I don't know what else to tell you.
Okay. I apologize. I should have reread my initial post after your initial reply. I forgot to add a critical part of the problem to my post. After you perform the operation, you erase the 2 numbers that you used with the result of the operation. You continue this process until you have one remaining number. Will the process always terminate with an odd number? An even number? Is it possible for it to terminate with an odd number? An even number?
Ya UnKnown; stuff like:
select 6,3: 1,2,3,4,5
select 5,2: 1,3,3,4
select 1,4: 3,3,3
select 3,3: 0,3 ??????
Wonder if he means:
1: numbers from 1 to 2n where n is an odd integer are written down
2: you select any 2 numbers you wish and let k = absolute difference of these 2 numbers
3: you then remove the 2 numbers from the list, and insert k
4: you continue doing this until the last number in the list is the last inserted k
5: can you devise a strategy where k will always be odd?

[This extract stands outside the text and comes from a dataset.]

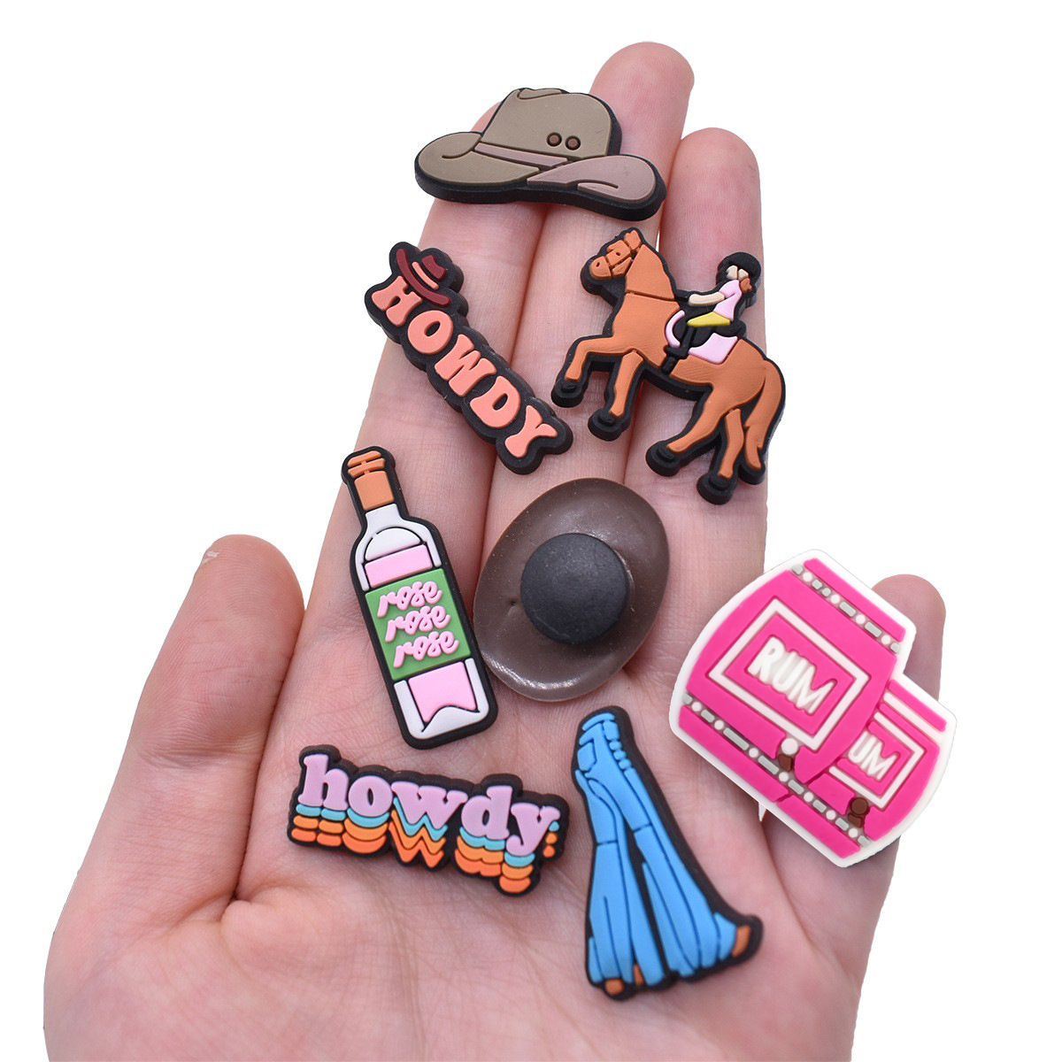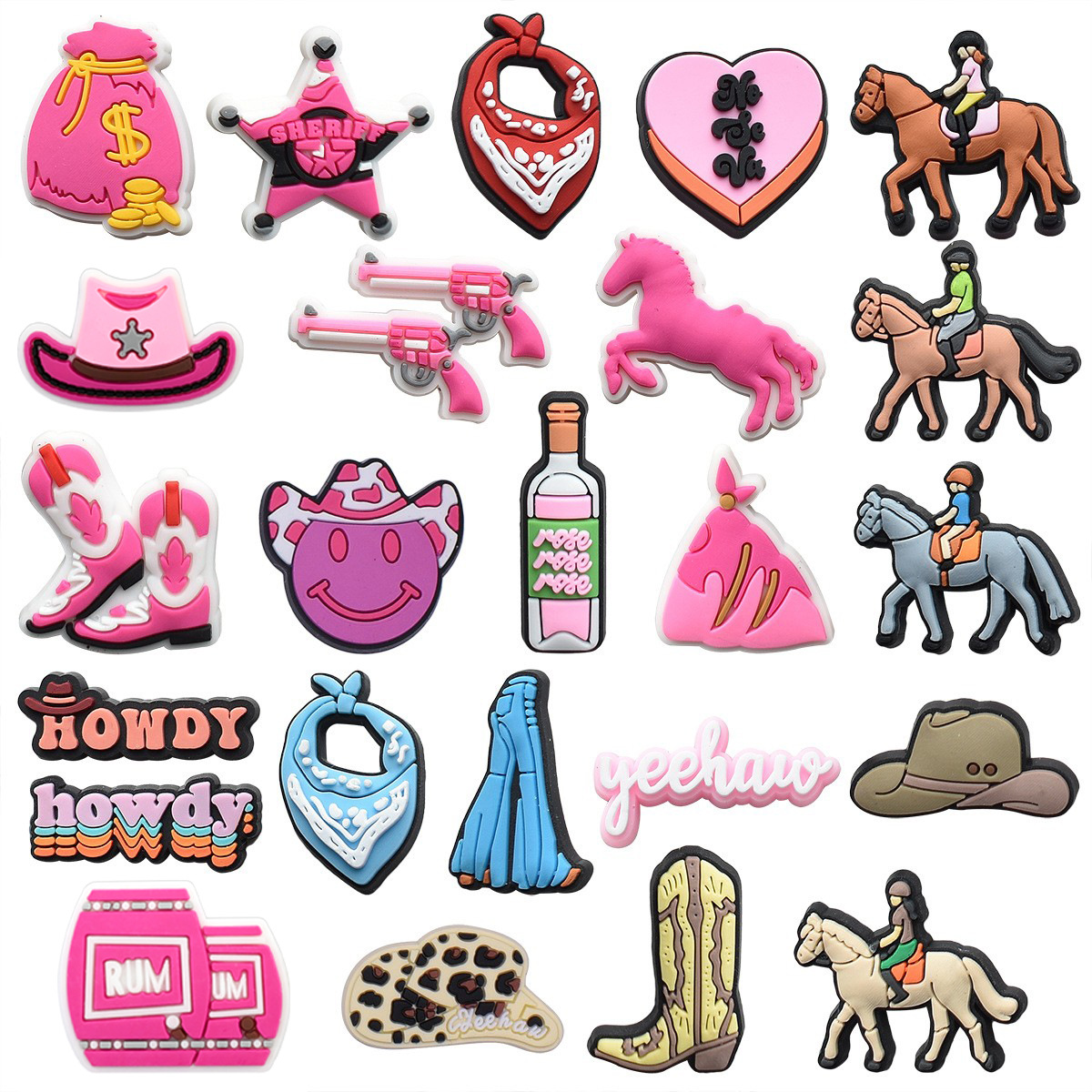 创意ins风西部牛仔鞋花鞋面装饰洞洞鞋配饰 卡通pvc鞋扣鞋花现货

(would need a rule applying to zero results)
Considering only the even/odd parity of the numbers (i.e. numbers modulo 2), it does not matter whether we are adding or subtraction, or taking absolute value. The last number is some arithmetic addition of all 2n numbers where some are positive and some negative.
The ending parity will be the same as the parity of the sum of numbers 1 to 2n.
Which is (2n + 1)n, and this is always odd for odd n.